• _SOURCE INFORMATION_:
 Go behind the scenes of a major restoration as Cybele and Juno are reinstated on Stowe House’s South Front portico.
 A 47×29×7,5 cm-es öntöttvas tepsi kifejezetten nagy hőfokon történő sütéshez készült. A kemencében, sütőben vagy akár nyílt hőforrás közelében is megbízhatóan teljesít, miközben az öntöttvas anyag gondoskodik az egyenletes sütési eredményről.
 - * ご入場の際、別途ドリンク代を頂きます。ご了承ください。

==

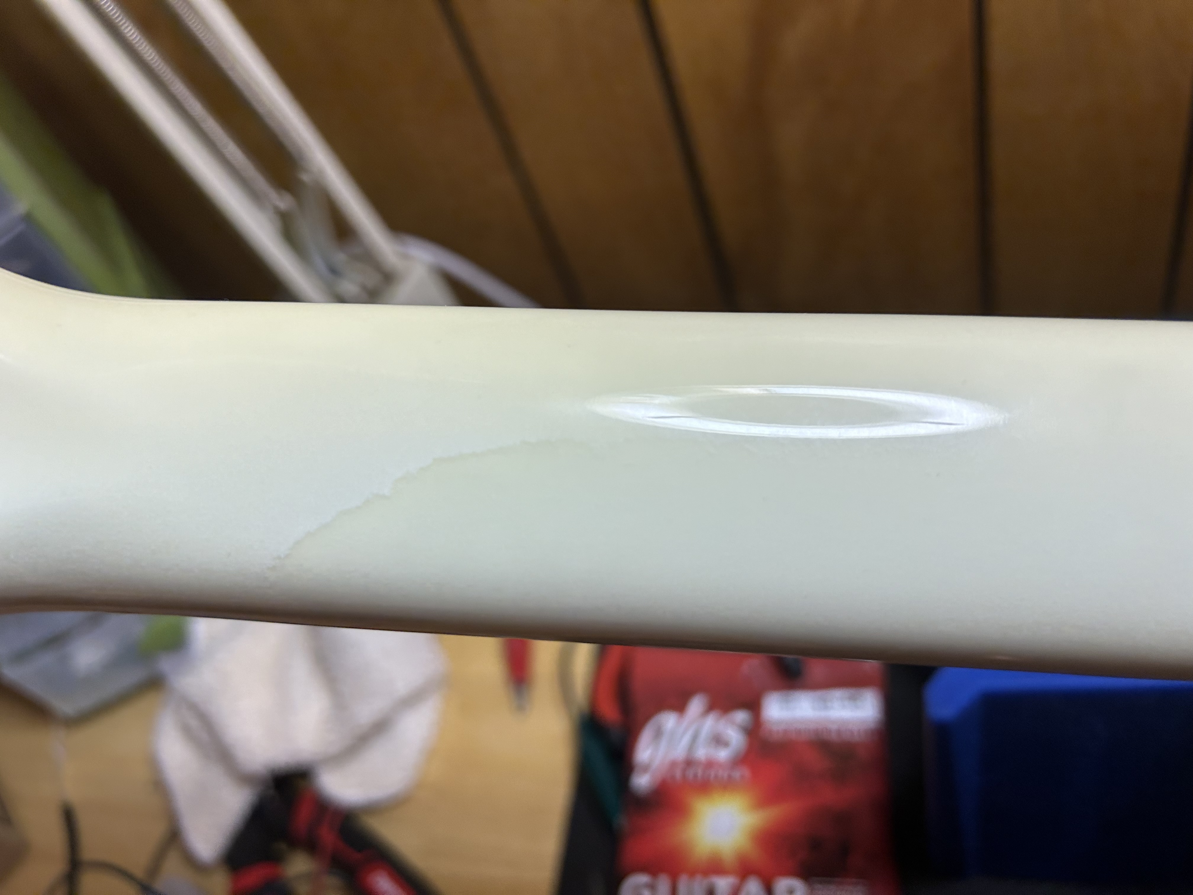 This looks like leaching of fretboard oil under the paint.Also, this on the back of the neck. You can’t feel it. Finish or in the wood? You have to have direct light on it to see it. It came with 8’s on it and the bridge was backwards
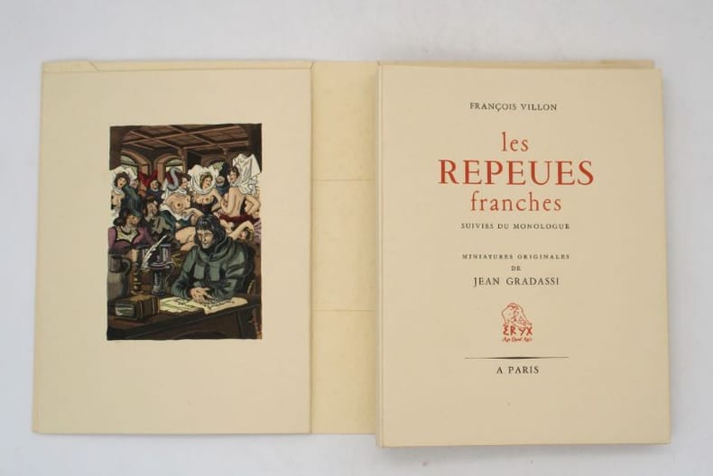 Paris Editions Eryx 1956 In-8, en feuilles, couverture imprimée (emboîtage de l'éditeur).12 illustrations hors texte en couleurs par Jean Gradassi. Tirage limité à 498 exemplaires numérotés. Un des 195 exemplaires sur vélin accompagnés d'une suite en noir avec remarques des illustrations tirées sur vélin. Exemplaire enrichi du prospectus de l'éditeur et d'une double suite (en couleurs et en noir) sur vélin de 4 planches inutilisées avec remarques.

• _GOAL OF THE EXERCISE_: With the first line being the one containing "A 47×29×7,5 cm-es" and the last line the one containing "- * ご入場の際、別途ドリンク代を頂きます。ご了承ください。", transcribe exactly the lines above that fall in that range.

• _SOLUTION FOR THIS EXERCISE_:
 A 47×29×7,5 cm-es öntöttvas tepsi kifejezetten nagy hőfokon történő sütéshez készült. A kemencében, sütőben vagy akár nyílt hőforrás közelében is megbízhatóan teljesít, miközben az öntöttvas anyag gondoskodik az egyenletes sütési eredményről.
 - * ご入場の際、別途ドリンク代を頂きます。ご了承ください。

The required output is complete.